A3: The German Chancellor Gerhard Schroeder has many similarities with the Korean President Roh Moo-Hyun. They are both of humble origins and became lawyers through hard studies at evening schools. Chancellor Schroeder was reelected for a second term in 2002 and his main challenge is to lower the unemployment rate and to rebuild the German social security system threatened by demographic imbalances. He is a social democrat but a strong believer in free market economy and free enterprise. He is married and recently adopted a Russian child.

Q4: What was the volume of trade between Korea and your country in 2003 and how will it change this year? What are the most promising areas of investment for the Korean companies in your country — and vice versa?

A4: The Korean-German trade volume was 12 billion US dollars in 2003 and will come close to 17 billion US dollars in 2004, an increase of more than 30 percent. This is a very high figure according to any standards and makes Germany by far the most important European trade partner. What is even more important is that this trade is almost balanced and consists of very similar products, e. g. cars, machinery and petro-chemicals.

Weihnachtsmarkt

This is a clear indicator for very healthy trade relations that serve the interest of both countries. These satisfactory trade figures are highly dependent on investments on both sides. The basis of our commercial relations are long term engagements by German and Korean companies in both of our countries. Further opportunities remain in the field of high technology and advanced science, where our joined efforts should open new possibilities also in third countries.

Q5: Please explain the National Day of your country and its celebrations.

A5: It is a nice coincidence that Germany and Korea celebrate their National Days at the same date. The October 3rd is for us the "Day of German Unity." East and West Germany were separated for many decades and reunited in 1990. It is a day of joy for Germany and I hope that one day Koreans will be able to celebrate as similar happy holiday.

Q6: What are the major tourist destinations of your country? Please explain in detail.

A6: Germany has a very diversified landscape. From the Alps in the south to the islands of the northern sea from the Rhine valley in the west to the shores of the Oder in the east: you will find touristic marvels wherever you go.

the Rhine River

Berlin is a thriving capital with a vivid cultural scene and a long history that left its mark at every street corner. A boat ride along the Rhine is a must for every Korean tourist and goes well together with a bottle of fresh Mosel wine. Bavaria and its capital Munich are always worth a visit, not only during the times of the real Oktoberfest.

Q7: Could you please explain about yourself and your family?

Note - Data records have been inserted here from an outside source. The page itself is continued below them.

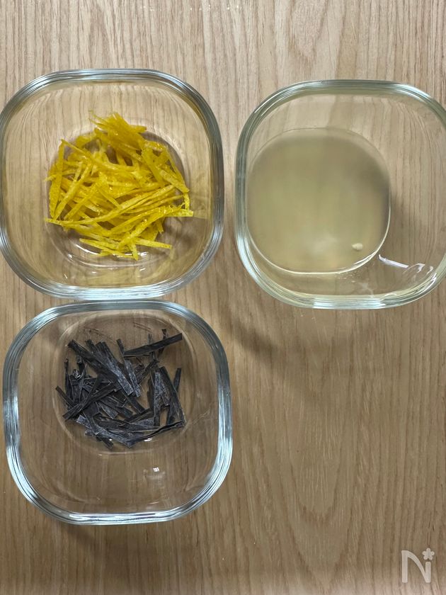 (2) ゆずの皮は薄くむき、千切りにする。半分に切り、種を漉しながら果汁を絞る。昆布はハサミで細く切る。
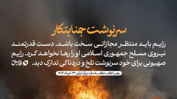رژیم باید منتظر مجازاتی سخت باشد. دست قدرتمند نیروی مسلح جمهوری اسلامی او را رها نخواهد کرد. رژیم صهیونی برای خود سرنوشت تلخ و دردناکی تدارک دید.رهبر انقلاب خطاب به ملت بزرگ ایران 23 خرداد 1404#وعده_صادق_۳ #پدافند #رهبری #پیام_رهبری #مرگ_بر_اسرائیل #وعده_صادق
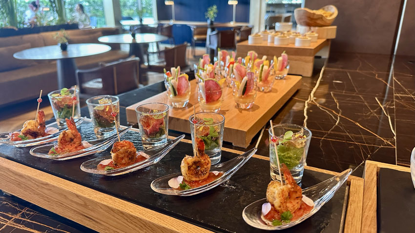クラブラウンジを利用するには、クラブラウンジアクセス付で予約する必要があり宿泊料金は高くなりますが、滞在中はレベルの高い5回のフードプレゼンテーションがあり、シャンパンを含むアルコールも飲み放題です。
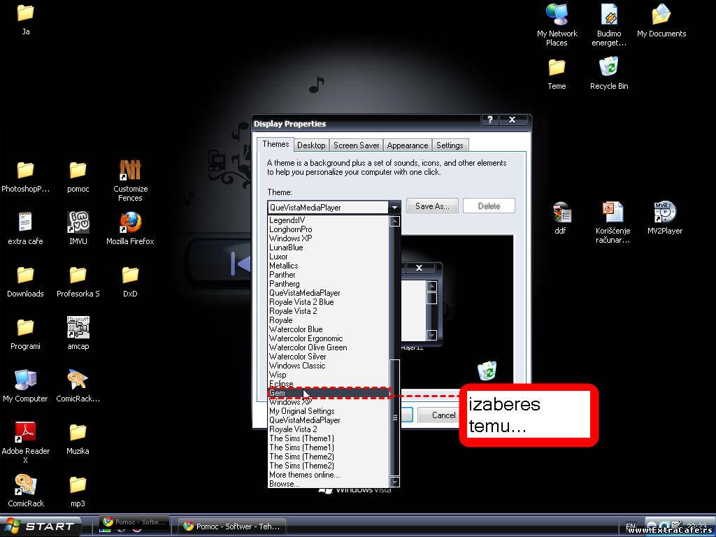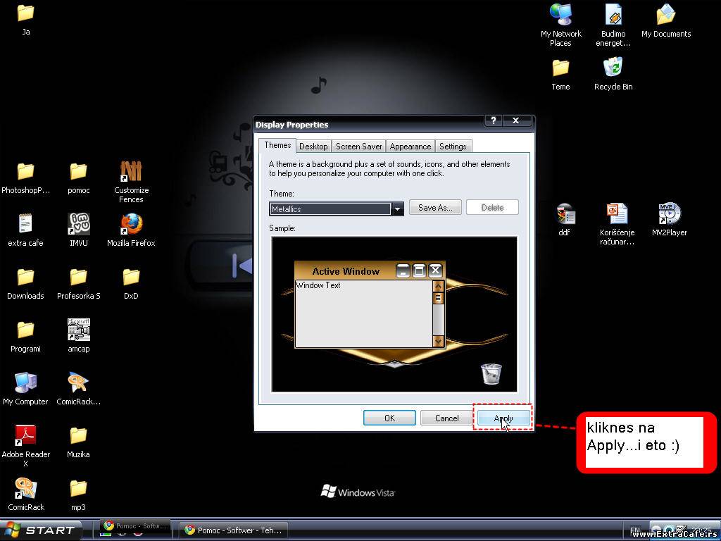 ovakoo...imam pitanje,kad hocu da promjenim teme za windows xp i kad ih unzip...meni se promjene samo tri ikone u neku drugu sliku,a start mi se promjeni u windows classic style a ne u te nove teme evo jedne slike,od neke teme logi

A7: I was born still during World War II in the medieval bishop's city of Paderborn in Eastern Westphalia and brought up on a farm right after the war. That is why I feel at home in the countryside and why I was able to explain to my wife and my daughter the forming instruments in the Korean Folk Village with some accuracy. I studied law in Bonn, Kiel and Freiburg and joined the diplomatic service exactly 30 years ago.

The first 10 years of my career I spent in Latin America, where I met my Brazilian wife almost 25 years ago. Then we were 10 years in Africa and finally four years in Rome, always interrupted by longer spells in Germany. The last six years — an unusually long time — I worked in the field of compensation for former foreign forced laborers.

Brandenburg Gate in Berlin

I am very happy and proud with the opportunity to work in Korea, a country very close to Germany for a variety of reasons, for instance the presence and the cultural contributions of more than 30,000 Korean citizens. I hope that I will be able to encourage more young people of both countries to meet and discover the world together, on the university level, but also if feasible at a younger age.